[[ INFORMATION SUPPLIED, beginning ]]

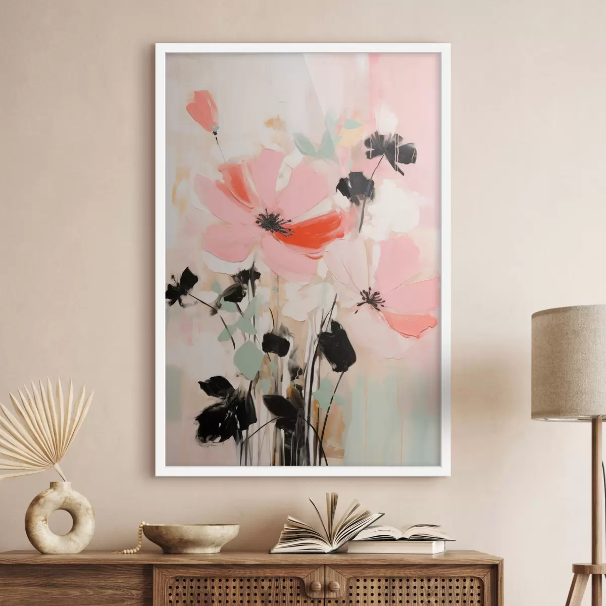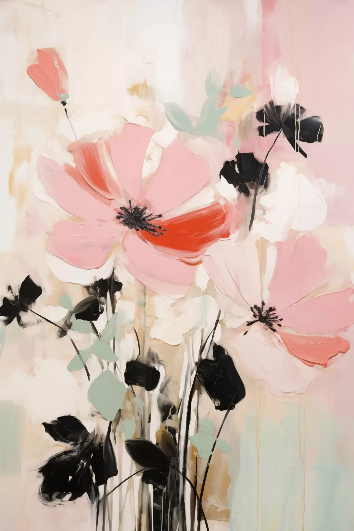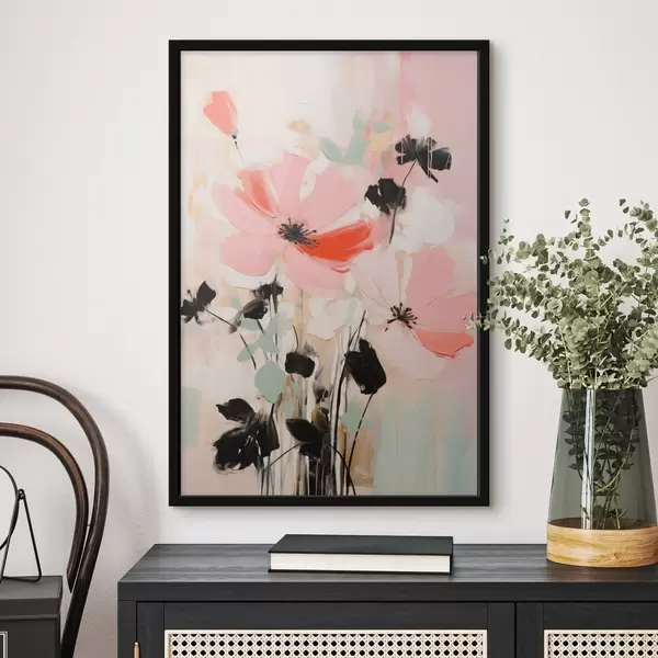 SākumlapaPlakātu katalogsPlakāti ziediPlakāts Rozā un melni ziedi ar lapām, maigas pasteļtoņos, abstrakts ziedu kompozīcija, minimālisma māksla Nr f46687
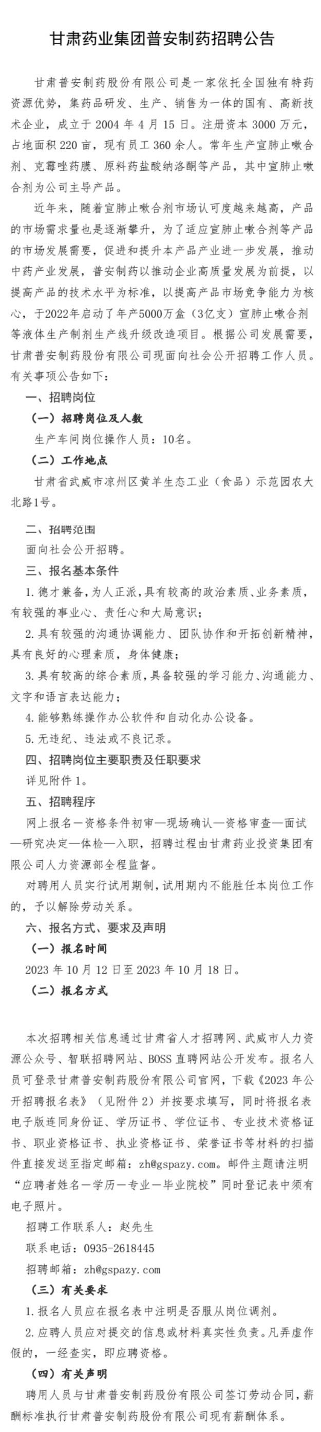 甘肅藥業集團普安制藥招聘公告
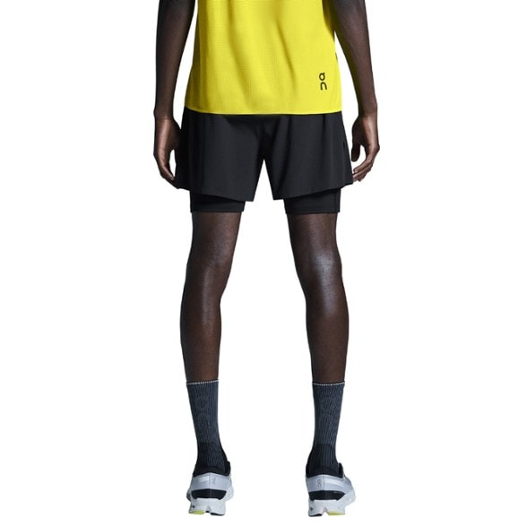 Movement feels good with the men's On 5 in. Performance 2-in-1 shorts. They pair lightweight, 4-way stretch outer shorts with invisible-feel inner tights that are fast drying to wick away sweat.

[[ INFORMATION SUPPLIED, end ]]

● **ASSIGNMENT**:
Omit the pictures and write out the remaining data exactly.

● **TASK ANSWER**:
 SākumlapaPlakātu katalogsPlakāti ziediPlakāts Rozā un melni ziedi ar lapām, maigas pasteļtoņos, abstrakts ziedu kompozīcija, minimālisma māksla Nr f46687
 甘肅藥業集團普安制藥招聘公告
 Movement feels good with the men's On 5 in. Performance 2-in-1 shorts. They pair lightweight, 4-way stretch outer shorts with invisible-feel inner tights that are fast drying to wick away sweat.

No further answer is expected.